China has already usurped the US as the main trading partner of Latin America’s biggest economy, Brazil, and it aims to continue that momentum. While the trade is primarily in energy and natural resources right now, sourcing gurus are wondering whether it can expand into professional services. Read on for more.
Economic clout through a devalued currency
China’s growth this decade has been astounding. Even during the 2009 recession, the country’s GDP was increasing at 9.1%. In fact, Latin America owes much of its resistance to the recession, to trade with China. “In only four years, the region’s exports to China nearly doubled, from $22.3 billion in 2006 to $41.3 billion in 2009, representing a pace far greater than the region’s overall export growth.” says Cynthia Arnson, Director of the Latin American Program at the Woodrow Wilson International Center for Scholars. “In the midst of the international financial crisis, 2009 LAC exports to the United States fell by 26%. That same year however, exports to China grew by 5%.”
Much of China’s growth is due to its undervalued currency in order to promote cheaper trade.
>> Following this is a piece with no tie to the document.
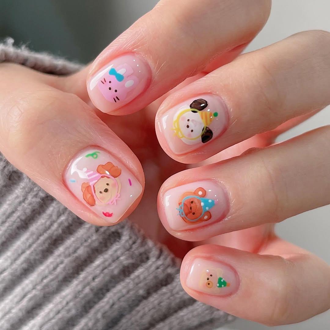 Если ты умеешь рисовать, то очень советую повторить этот маникюр. На каждом ногте размести милое животное в праздничных колпачках или с бантиками. Это могут быть мишки, кошки, собачки, зайчики. Или же неси идею маникюра к мастеру, если не хочешь рисовать сама!

In recent years the country has brokered agreements and offered interest at rates much lower than the US can match, and so has become the most useful trading partner for many developing LatAm economies looking to export internationally.
But it may not be all roses for long. In a recent 60 Minutes interview, US Fed Chairman Ben Bernanke said that China is “risking inflation” in its own economy by not allowing its currency to appreciate. That view was echoed by Alsbridge CEO Ben Trowbridge in a recent Nearshore Americas interview. He told us that China is off his radar for the moment, “mainly because their currency inflation jumped. I think the cost of labor in China for BPO and IT work will rapidly become similar to the US.”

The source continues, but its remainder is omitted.